Decisão diz respeito a falas direcionadas a atual primeira-dama durante a campanha eleitoral de 2022

por

iG Último Segundo

7 de março de 2024

IG

Amiga de Janja tem cargo em gabinete de Lula com salário de R$ 13 milredacao@odia.com.br (IG – Último Segundo)

Tribunal Superior Eleitoral (TSE) condenou nesta quinta-feira (7) a emissora Jovem Pan e a influenciadora Pietra Bertolazzi por veiculação de notícias supostamente falsas sobre a primeira-dama Rosângela da Silva, a Janja, durante a campanha eleitoral de 2022. 

O tribunal definiu uma multa individual de R$ 30 mil.

Entenda o caso

Em programa que foi ao ar em 27 de setembro, a comentarista da Jovem Pan afirmou que Janja faz uso de drogas e tem o apoio de “maconhistas” e de pessoas perdidas na vida.

Ela ainda afirmou que a esposa de Lula representa valores opostos aos de Michelle Bolsonaro, na época primeira-dama. Para pietra, a esposa do ex-presidente possui bondade, beleza e bons valores.

Desição do TSE

A análise pelo TSE se deu em razão de notícias supostamente falsas em pleito eleitoral, e não por dano à honra algo que deve ser julgado na Justiça comum.
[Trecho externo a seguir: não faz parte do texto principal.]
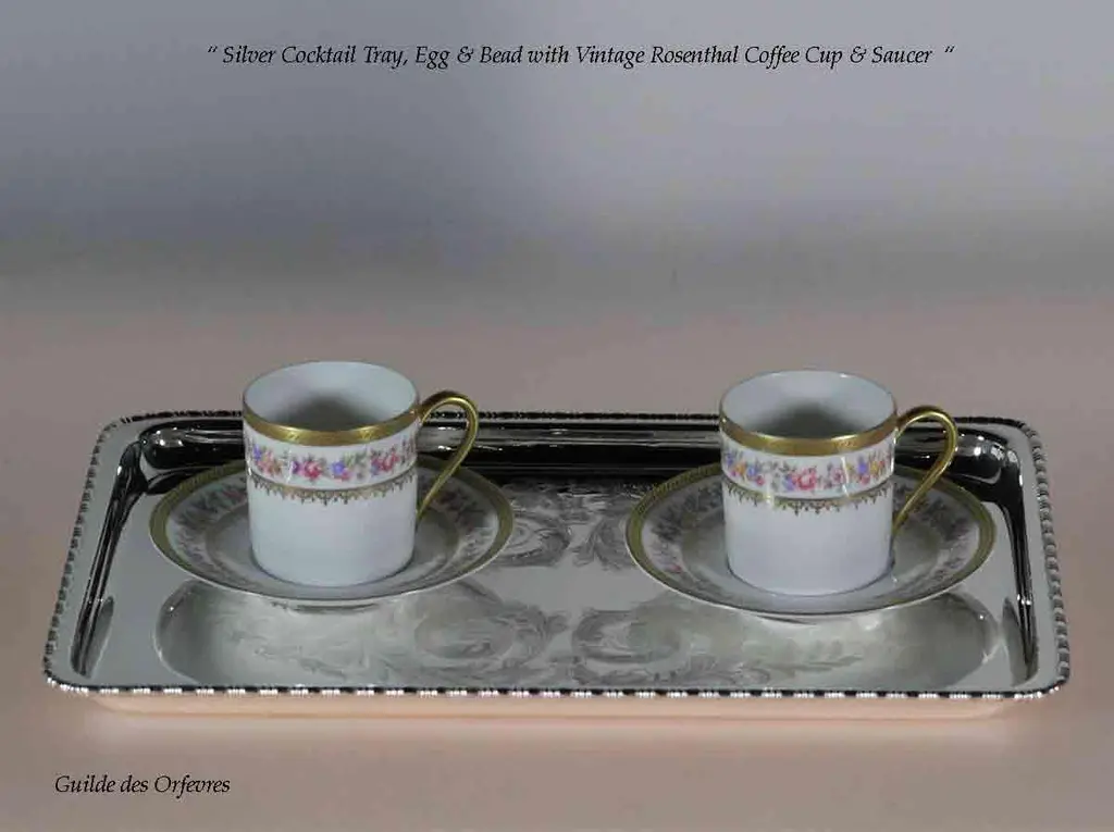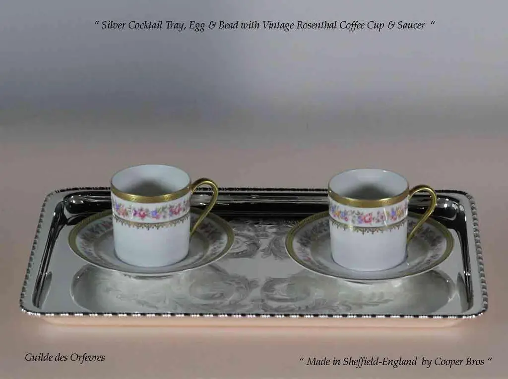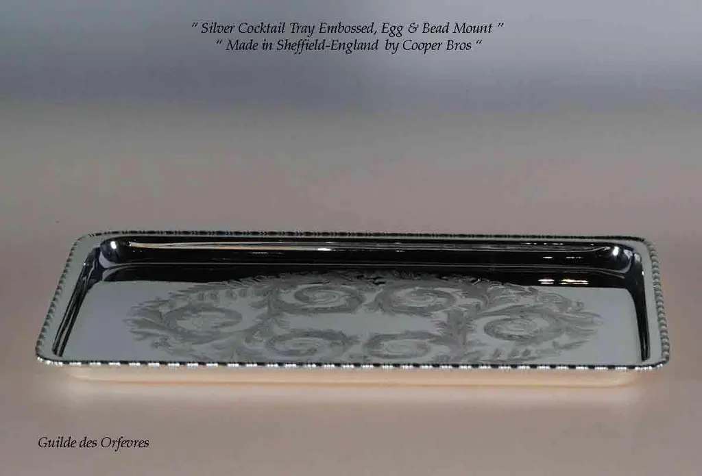 Reference # C 1021 Photo 227 Description: Silver Cocktail Tray, Egg & Bead Border, Embossed Pattern : Egg & Bead, Embossed Size : 11 in. Electro Plated on Copper, a quality silver plated on copper Made in England, by Cooper Brothers in 1970’s-1980’s Marked : Cooper Brothers, Sheffield-England, Silver Plated on Copper Retail Price : $ 280.00 Wholesale : $ 140.00 Quantity Available : 7 Cooper Brothers, a respected silver company in Sheffield-England, supplier of fine stores in the United Kingdom and abroad. Condition : New-Factory Original packing from the 1980's.

A maioria do plenário seguiu o voto do relator, ministro Kassio Nunes Marques. O magistrado acatou os argumentos da chapa do PT apresentados em um recurso contra decisão anterior do tribunal à época dos fatos, que havia negado aplicar sanções à emissora e à comentarista.

Nunes Marques entendeu que os comentários sobre a atual primeira-dama, embora de caráter pessoal e endereçadas a alguém que não era candidata, estão inseridas no contexto eleitoral.

O ministro afirmou que, sob a perspectiva de tornar o ambiente eleitoral mais receptivo à participação das pessoas, rádios e emissoras de televisão, concessionárias do serviço público, “não podem ser agentes de violência e de discriminação de qualquer espécie”.

“É possível extrair das falas proferidas pela comentarista Pietra Bertolazzi, no programa na rádio Panamericana S/A [Jovem Pan], afirmações de teor injurioso em relação à esposa do então candidato Luiz Inácio Lula da Silva, que, como se sabe, não foi candidata naquele pleito”, disse.

“Impressiona o fato de um ambiente político se mostrar tão inóspito à mulher, que, mesmo quando esta não se registra como candidata, pode ser suscetível à violência de gênero”, finalizou.

Entre os magistrados, Isabel Gallotti foi a única a se opor. “Apesar do caráter altamente injurioso das falas dirigidas à pessoa da esposa do candidato, não houve a propagação de um fato demonstradamente falso, como o cometimento de crime, em associação com o candidato e, tampouco, se demonstra nessas palavras risco à higidez do pleito”, disse ela. 

A ministra destacou que esse foi entendimento da Procuraria-Geral Eleitoral (PGE) em outubro de 2022. Na época, o dia a dia do órgão do Ministério Público Federal junto ao TSE estava a cargo de Paulo Gonet, atual procurador-geral da República indicado por Lula.